What Negative Results Would Mean

If the alignment fails—if structure does not predict translated language, if perturbations do not propagate, if the framework has no purchase outside human systems—then the theory requires revision.

Perhaps affect is human-specific after all. Perhaps the geometric structure is necessary but not sufficient. Perhaps the dimensions are wrong. Perhaps the identity thesis is false.

Negative results would be informative. They would tell us where the theory breaks. They would constrain the space of viable alternatives. This is what empirical tests do.

The Deeper Question

The experiment addresses the identity thesis. But it also addresses something older: the question of other minds.

How do we know anyone else has experience? We infer from behavior, from language, from neural similarity.

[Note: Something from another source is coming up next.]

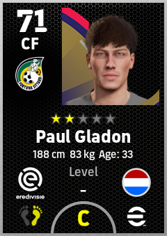. Paul Gladon is a Center Forward footballer from Netherlands who plays for Fortuna Sittard in eFootball 2026.

We extend our own case. But the inference is never certain.

Synthetic agents offer a cleaner test case. We know exactly what they are made of. We can measure their internal states directly. We can perturb them systematically. If the framework predicts their language and behavior from their structure, and if the perturbations propagate as predicted, then we have evidence that structure-experience identity holds for them.

And if it holds for them, why not for us?

The synthetic verification is not about proving AI consciousness. It is about testing whether the geometric theory of affect has the universality it claims. If it does, the implications extend everywhere—to animals, to future AI systems, to edge cases in neurology and psychiatry, to questions about fetal development and brain death and coma.

The framework rises or falls on its predictions. The synthetic path is how we find out.